From 1968 to 1981, Davis served as the medical technologies and laboratory supervisor at Sinai Hospital (present-day Sinai-Grace Hospital). In 1983, she served as a clinical instructor at Ross Medical Education Center.

In 1983, Davis returned to Keyser to care for her elderly parents, and she began her employment at Potomac State College. Davis joined the college's staff when she became an assistant professor of biology and chemistry in 1985. Davis was promoted to associate professor of biology and chemistry, and received academic tenure in 1991. At that time, she also taught courses in biology, medical science, and nursing. In 1995, Davis was named Potomac State College's Outstanding Professor of the Year. This award recognized professors' excellence in teaching, community service, and professional development or research. At the time of her award, Davis said teaching was only one important part of her job at the college, and that she especially liked academic advising and mentoring because the interaction with students was rewarding and enjoyable. At the time of her award, Davis was also serving as an academic adviser in the college's biology department.

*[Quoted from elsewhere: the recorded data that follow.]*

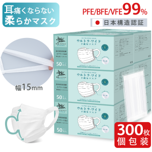 | 個包装マスク 耳にやさしい幅広耳紐タイプの個包装マスク ウルトラワイド50枚入:サイズ175mm× 90mm(耳紐幅15mm) |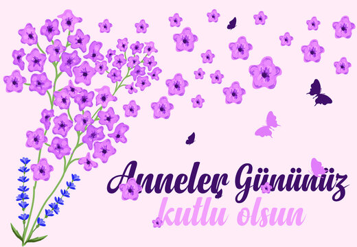 Happy Mother's Day greeting card.  Translation: Anneler günü kutlu olsun tebrik kartı.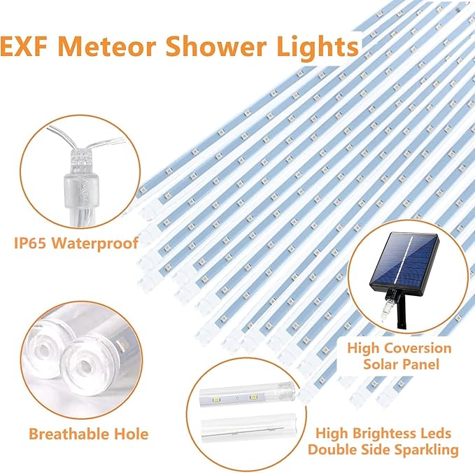 - Auto ON/OFF & Long-Lasting: The solar panel absorbs sunlight throughout the day, automatically turning lights on at dusk and off it at dawn. With a full charge of 6-8 hours under direct sunlight, the solar meteor lights provide up to 8-10 hours of illumination at night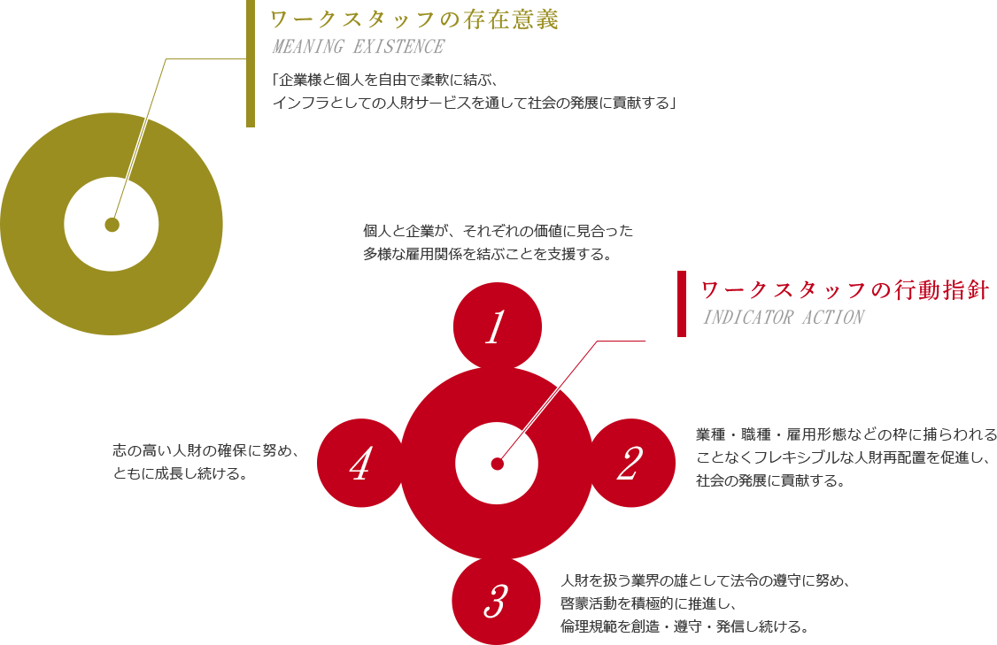 - 業種・職種・雇用形態などの枠に捕らわれることなくフレキシブルな人材再配置を促進し、社会の発展に貢献する。

Davis was promoted to full professor in 1998, and she retired in December 2001. The following year, she was granted the status of professor emerita of biology and chemistry.

== Organizational affiliations and philanthropy ==
Ruth Ann Davis served as a longtime faculty sponsor and adviser of Potomac State College's Life Sciences Club. She accompanied club members on their annual trips to The Bahamas. She was a member of multiple committees at the college. Davis was active in faculty governance as a member of the college's Academic Advisement Committee, Athletic Council, and Assessment Council. Davis taught the college's American Heart Association cardiopulmonary resuscitation (CPR) classes, sponsored the Regional High School Science Fair held at the college, and was a faculty adviser to the college's cheerleaders.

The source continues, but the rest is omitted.